You can achieve good dust collection in your workshop. Stick to these four basic principles and your shop will be cleaner than ever.

1. Collect dust at the source

This is one of the most poorly understood aspects of dust collection. You must position the suction hood as close as possible to the source of emission—your lathe, grinder, or other woodworking machinery. It’s crucial that dust be picked up, as it’s generated, and then directed into the collector. If you lose the dust to your shop air, the task of collecting it becomes futile. You will be inhaling that dust and sweeping it from your machines and floor.

2. Maintain sufficient air volume/CFM

You can determine the efficiency of dust capture fairly accurately by a quick visual inspection of your machinery. Inadequate air volume/CFM allows dust from your grinder to escape onto the floor and into the air. Ensuring your ducting is large enough in diameter and efficiently laid out are two ways you can minimize restrictions on airflow.

Most woodworking equipment requires about 250-1000 CFM. The amount of airflow or CFM needed will vary depending on the size and number of woodworking tools running simultaneously. Most average size table saws, planers, and jointers with 2-5 inch diameter ports need approximately 300-600 CFM to clean well. A machine that loses a lot of chips or is emitting a visible plume of fine dust needs more airflow.

For a more comprehensive source on CFM exhaust volumes, check Industrial Ventilation: A Manual of Recommended Practice for Design by the American Conference of Governmental Industrial Hygienists.

3. Use a cyclone separator

Separating the bulk of the wood waste from the airstream before it reaches the filter keeps the filter from clogging. A collector that dumps all of the dust directly into a filter (using the filter itself as a dust bin) is a very poor design. It will reduce system airflow/CFM and filter efficiency; not to mention that it won’t keep your shop clean. Remember, you are trying to maintain sufficient airflow/CFM at the woodworking machine to prevent dust loss. If the filter clogs too quickly, this becomes impossible.

A cyclone separator can exceed 99% dust separation efficiency, allowing only a very small amount of very fine dust to pass to the filter. The result is that filter cleaning is reduced by a factor of 50 and you maintain a constant, high level of airflow/CFM to the machine.
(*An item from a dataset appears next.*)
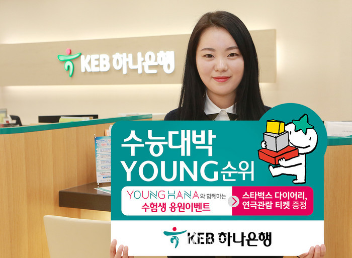 [부자동네타임즈 이현재 기자]KEB하나은행은 대학수학능력시험을 치른 수험생들을 대상으로 은행의 유스(Youth)브랜드 영하나(YOUNGHANA)와 연계한 「수능대박 YOUNG순위」이벤트를 16일부터 오는 12월말까지 진행한다고 밝혔다.

4. Use a high-quality filter

The final stage in dust collection is filtering the fine dust. It doesn’t make sense to go through all the trouble of collecting the dust if you still allow the finest dust to pass through the filter and out into the shop air. The smallest dust is the most unhealthy to breathe and when it becomes airborne, inhalation is inevitable.

Effective filtration requires a quality filter media of sufficient quantity/surface area. You want to filter near 100%, down to the smallest particle (10 microns or less in diameter)--what industrial hygienists refer to as the PM10 range.

Filter media certified to a certain standard, such as HEPA, is also a must. Ideally, you want a HEPA-rated filter. Most of the dust collectors sold by Oneida Air Systems come standard with HEPA filters certified to be 99.97% efficient at 0.3 microns.

Before purchasing a dust collector, there are a few questions you should ask about its filtration.
    What type of filter is supplied?
    What is its efficiency rating?
    Can a specification sheet be provided?
    Has the filter media been tested by an approved third party agency?

Don’t let dust collection be an afterthought. Follow these four fundamentals to ensure a safer, healthier, and more enjoyable workshop environment.